- [EXERCISE DIRECTIONS]: Return all the data below as it stands, minus the pictures.

- [PROVIDED DATA]:

• • • • •

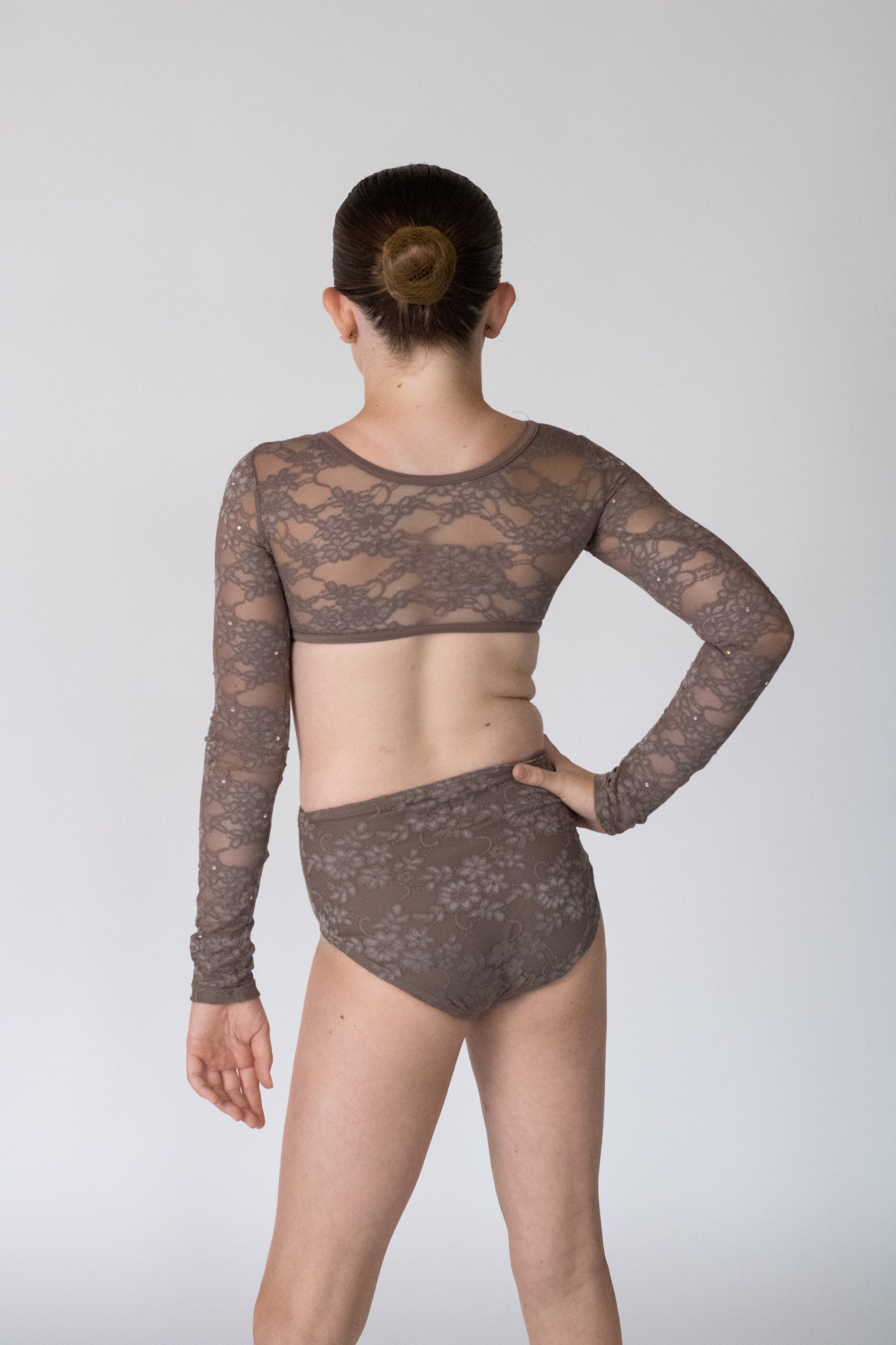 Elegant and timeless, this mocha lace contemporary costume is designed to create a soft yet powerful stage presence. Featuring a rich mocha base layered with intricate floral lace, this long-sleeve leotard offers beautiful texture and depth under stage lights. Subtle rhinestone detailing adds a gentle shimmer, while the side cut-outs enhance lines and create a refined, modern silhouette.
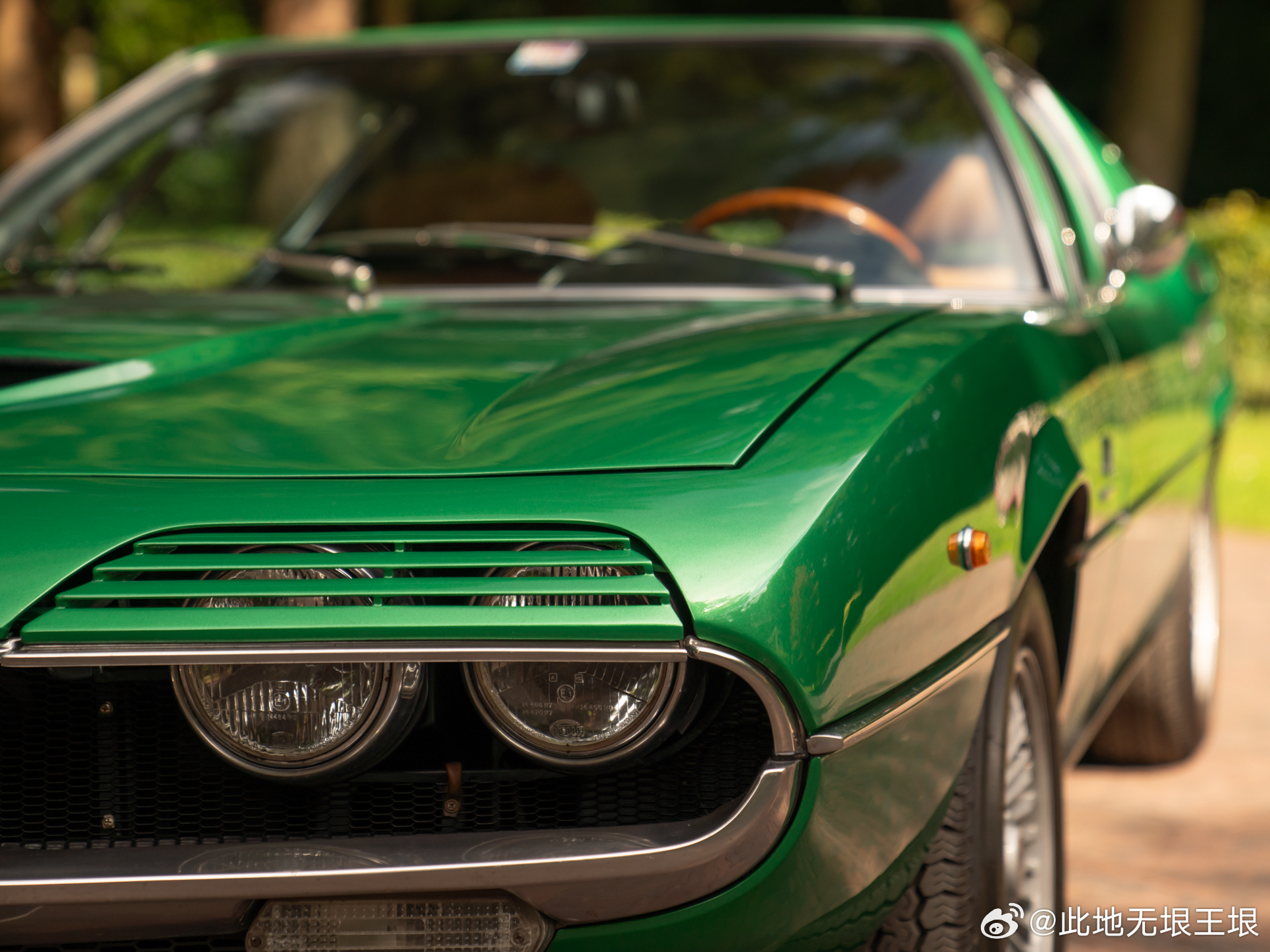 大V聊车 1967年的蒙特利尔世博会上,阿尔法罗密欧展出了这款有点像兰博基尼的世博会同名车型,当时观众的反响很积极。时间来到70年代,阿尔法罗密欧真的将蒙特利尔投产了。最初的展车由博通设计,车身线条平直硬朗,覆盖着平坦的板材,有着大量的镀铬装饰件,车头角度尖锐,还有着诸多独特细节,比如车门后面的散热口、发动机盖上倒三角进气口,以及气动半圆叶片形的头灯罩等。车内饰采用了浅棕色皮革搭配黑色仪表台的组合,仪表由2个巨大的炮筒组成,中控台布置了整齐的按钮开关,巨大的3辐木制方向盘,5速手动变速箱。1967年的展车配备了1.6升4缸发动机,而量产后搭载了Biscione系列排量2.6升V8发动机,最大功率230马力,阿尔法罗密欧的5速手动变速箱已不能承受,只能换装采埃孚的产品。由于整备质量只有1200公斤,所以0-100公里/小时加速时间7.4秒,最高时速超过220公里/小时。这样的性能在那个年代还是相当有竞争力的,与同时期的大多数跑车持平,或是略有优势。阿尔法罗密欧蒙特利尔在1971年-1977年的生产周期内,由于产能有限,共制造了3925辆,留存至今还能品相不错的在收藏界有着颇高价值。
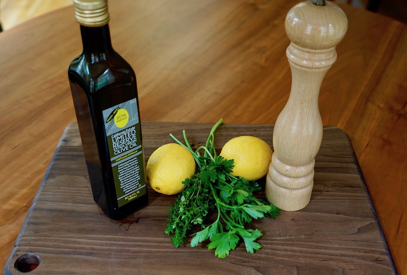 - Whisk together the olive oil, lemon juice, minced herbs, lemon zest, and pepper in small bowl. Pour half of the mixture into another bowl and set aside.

• • • • •

- [PROBLEM SOLUTION]:
 Elegant and timeless, this mocha lace contemporary costume is designed to create a soft yet powerful stage presence. Featuring a rich mocha base layered with intricate floral lace, this long-sleeve leotard offers beautiful texture and depth under stage lights. Subtle rhinestone detailing adds a gentle shimmer, while the side cut-outs enhance lines and create a refined, modern silhouette.
 大V聊车 1967年的蒙特利尔世博会上,阿尔法罗密欧展出了这款有点像兰博基尼的世博会同名车型,当时观众的反响很积极。时间来到70年代,阿尔法罗密欧真的将蒙特利尔投产了。最初的展车由博通设计,车身线条平直硬朗,覆盖着平坦的板材,有着大量的镀铬装饰件,车头角度尖锐,还有着诸多独特细节,比如车门后面的散热口、发动机盖上倒三角进气口,以及气动半圆叶片形的头灯罩等。车内饰采用了浅棕色皮革搭配黑色仪表台的组合,仪表由2个巨大的炮筒组成,中控台布置了整齐的按钮开关,巨大的3辐木制方向盘,5速手动变速箱。1967年的展车配备了1.6升4缸发动机,而量产后搭载了Biscione系列排量2.6升V8发动机,最大功率230马力,阿尔法罗密欧的5速手动变速箱已不能承受,只能换装采埃孚的产品。由于整备质量只有1200公斤,所以0-100公里/小时加速时间7.4秒,最高时速超过220公里/小时。这样的性能在那个年代还是相当有竞争力的,与同时期的大多数跑车持平,或是略有优势。阿尔法罗密欧蒙特利尔在1971年-1977年的生产周期内,由于产能有限,共制造了3925辆,留存至今还能品相不错的在收藏界有着颇高价值。
 - Whisk together the olive oil, lemon juice, minced herbs, lemon zest, and pepper in small bowl. Pour half of the mixture into another bowl and set aside.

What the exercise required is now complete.